Lacking the knowledge, support, and tools to effectively process and cope with my mother's cancer, I silently struggled with feelings of helplessness, despair, fear, uncertainty, and guilt. I did not express my distress or ask for help because I did not know that I too could be affected by my mother's cancer or realize the emotional toll of caring for a cancer patient. I also did not fully understand what I was experiencing or feeling, and did not know how to process this level of stress or these complicated, distressing emotions. Moreover, I was silent because I felt ashamed that I was even struggling when I was not the one with cancer, had difficulties keeping up with my responsibilities, and could not do more to help or support my mother as she was fighting for her life.

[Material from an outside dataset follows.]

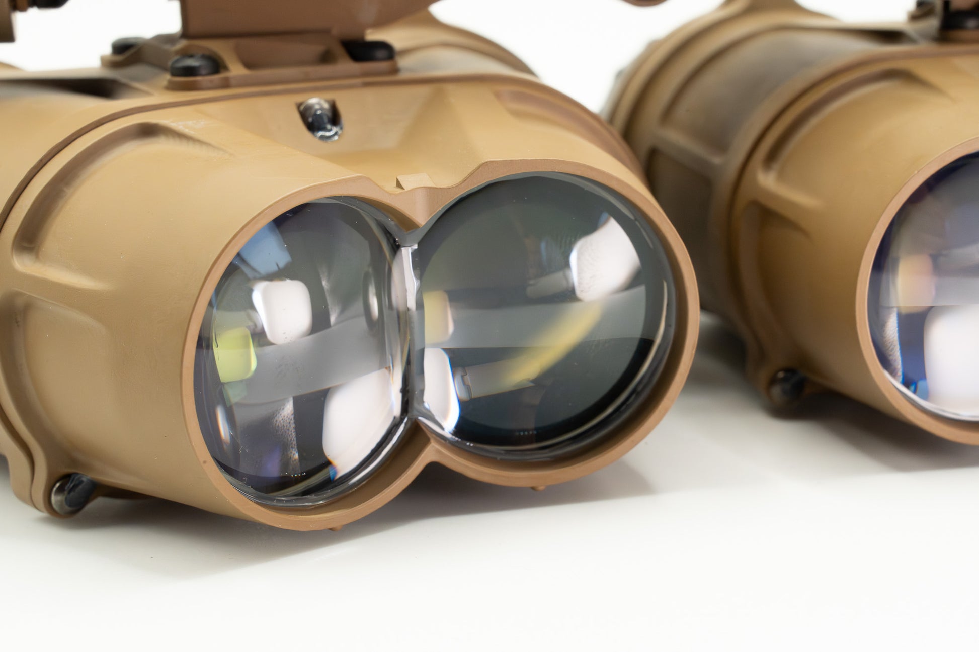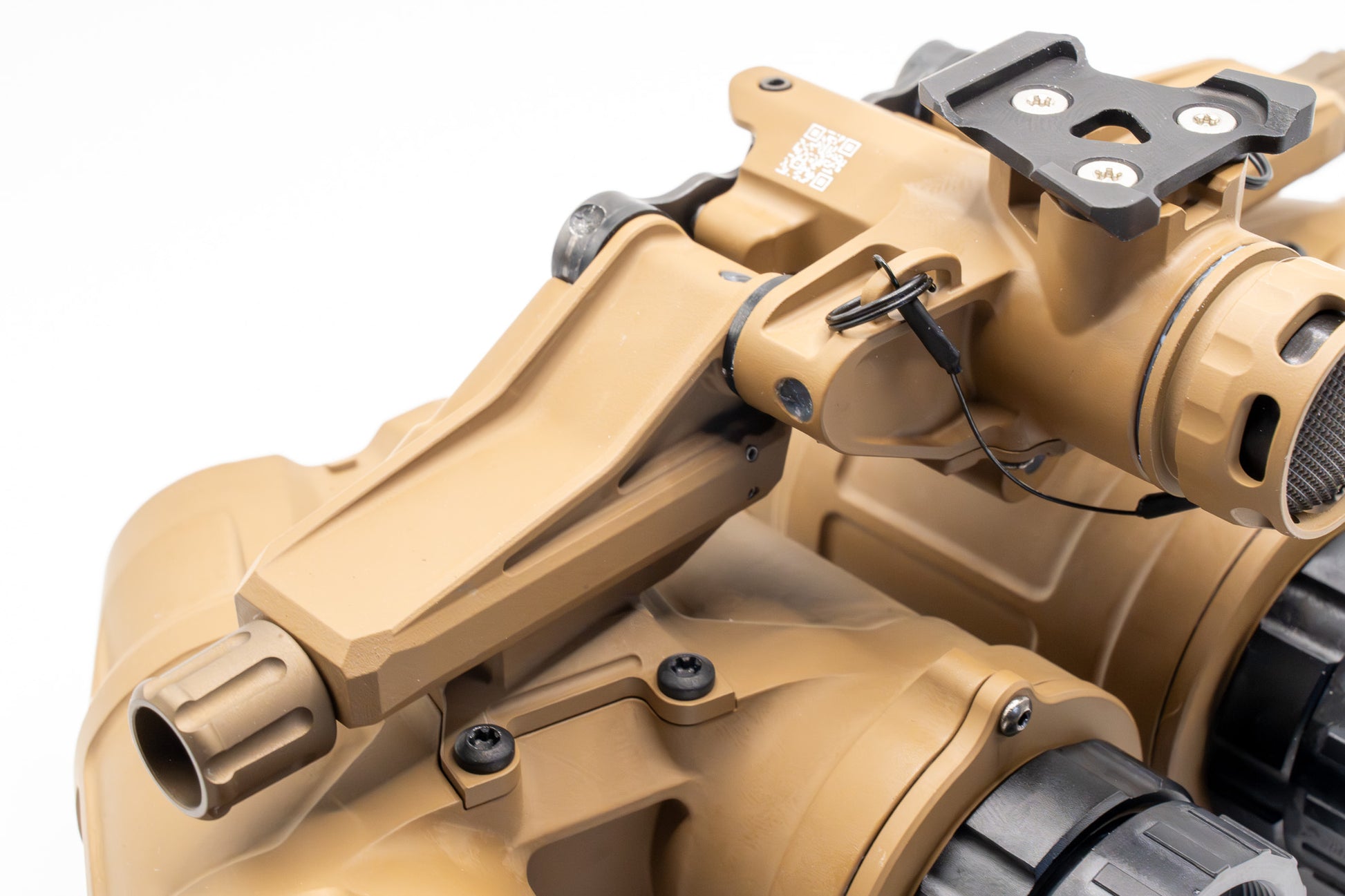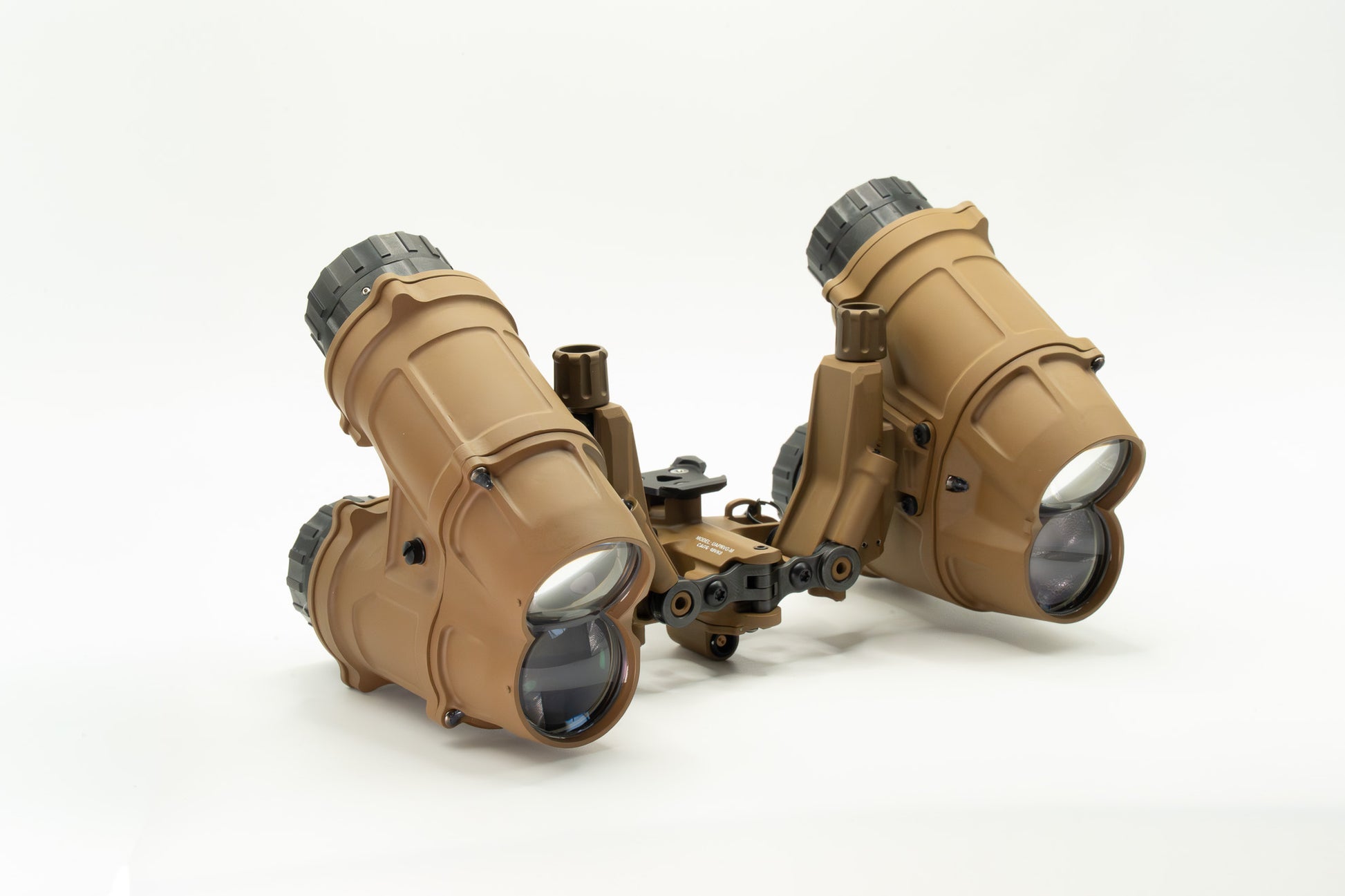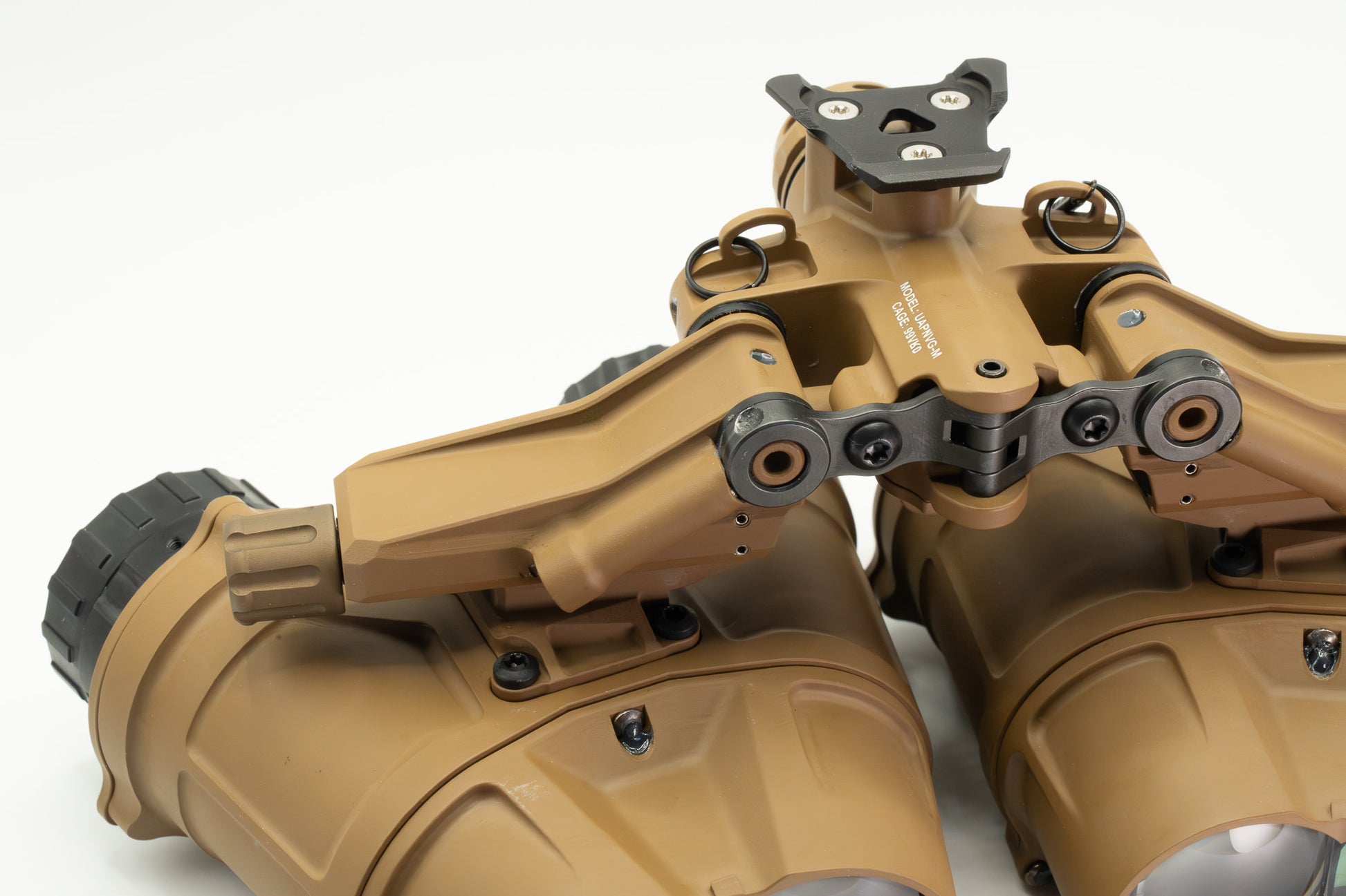 The Ultralight Articulating Panoramic Night Vision Goggle UAPNVG "Chimera" is the next evolution in panoramic nvg systems being the first articulating quad tube device. This patent pending system enables the lowest possible profile by stowing the pods back to the helmet to a profile typical of articulating binos reducing neck fatigue by pulling the center of gravity significantly closer to the natural pivot point of the neck. UAPNVG pods can be stowed individually without fully stowing the device which allows the user to clear door thresholds, increase head clearance in a vehicle, have rapid access to the night vision function, enter and exit vehicles much faster, reduced brush snag hazard, and use weapon mounted optics/thermal devices simultaneously with the goggle. In addition to the stand alone device is a bridge system that is plug and play at a user level with existing panoramic nvg pods offering compatibility with L3 GPNVG18, Lindu QTNVG, ANVIS10, Photonis PD Pro-Q, and more.

Over the next several years, I slowly began to fully process, understand, and acknowledge my own experiences and difficulties from my mother's cancer. I realized that although it's “normal” to experience distress from cancer, my distress was exacerbated by my lack of understanding of the effects of cancer extending beyond the patient and physical health, feeling like I was only an “observer” in my mother's cancer experience and that I could not be personally impacted by her cancer, lack of effective coping strategies and skills, misconceived ideas of providing for my mother and family, and avoidance of negative emotions or experiences. And I realized that part of my suffering was from feeling guilty and ashamed of my negative experiences.
Nearly a decade later, I have found my voice, not only as a young caregiver but also as a clinician. As a doctoral trainee in a clinical psychology program, I have spent the past year working with cancer patients, survivors, and caregivers at a comprehensive cancer center to help them cope with the myriad effects of cancer, and improve their emotional distress, psychological symptoms/issues, and quality of life. Through this clinical experience, I have learned to accept my personal experience with cancer and how my own life was impacted by mother's cancer, and to let go of my past suffering.
For me, my experiences with cancer underscore the importance of including psychosocial care into standard cancer care to treat the “whole patient” and not just the cancer, and including both the patient and family as the unit of care. In addition, my experiences reflect the struggles of caring for a parent with cancer, and how children can adopt a caregiver role and be emotionally and physically overwhelmed by caregiver stress, but not receive resources as they are not the typical primary caregiver. Furthermore, my negative experiences and struggles have helped shape my clinical aspirations to provide support and care to all individuals affected by cancer, understand and validate each individual's cancer experience, appreciate their culture and personal beliefs, treat their emotional and mental health, and be particularly sensitive and help advocate for those who may not readily express their distress, including caregivers and children. And now, rather than feeling shame or guilt by what I could have done differently in the past, I am inspired by my personal experiences and focused on what I can do now to positively impact other individuals affected by cancer.